一种基于拓扑优化的舵面仿生多级分叉结构设计

新型面对称高速飞行器面临着宽速域、宽动压飞行条件，受到此类飞行器装载与装填比要求的限制，飞行器的主要承力结构重量较低，为了突破传统结构设计方法面临的结构减重极限，文章提出了一种基于拓扑结构轻质化的优化设计方法.该方法的主要思想为根据具体的载荷工况，在优化区域中获得最优的传力路径.通过对面对称高速飞行器的舵应用此优化方法，在多种载荷作用下，获得了多级分叉的仿生结构.通过验证计算表明设计得到的结构不仅重量减轻，还能够满足静气动弹性变形与强度要求，从而验证了此方法进行结构设计的可行性. 

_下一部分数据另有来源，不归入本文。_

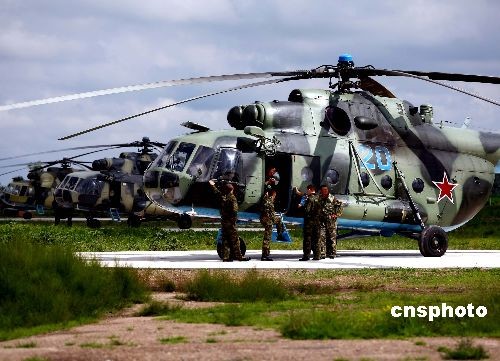 参加“和平使命2009”联合反恐军事演习的俄罗斯军队直升机群,7月20日在机场待命。这支部队在演习中担负着地面攻击配合、投送兵力、医疗救护等任务。这次演习,双方以陆军和空军为主,中方参演部队包括1个陆军战斗群和1个空军战斗群。俄方参演兵力包括1个陆军加强摩步营、1个空降突击连和部分空军兵力。这将是中俄两军继“和平使命2005”、“和平使命2007”之后,在上海合作组织框架下举行的又一次大规模反恐演习。中新社发 宋吉河 摄

A Bio-Oriented Multi-Bifurcation Rudder Structure Based on Topology Optimization

Plane-symmetric reentry vehicles are designed to operate in a wide range of Mach numbers and dynamic pressures. Confined by the requirements of vehicles on the pay-loads, there would be a small portion of the total weight remained for the vehicle structure. To overcome the weight confinement of this kind of vehicles, topology optimization method was applied to a typical rudder structure. Based on the loads of the structure, the most efficient load transfer path was obtained by the optimization method. This method results in a bio-oriented multi-bifurcation structure, as applied to a typical rudder on a plane-symmetric reentry vehicle. Validation of the structure shows that the resulted structure not only reduces its weight but also satisfies the strength and aeroelasticity requirements.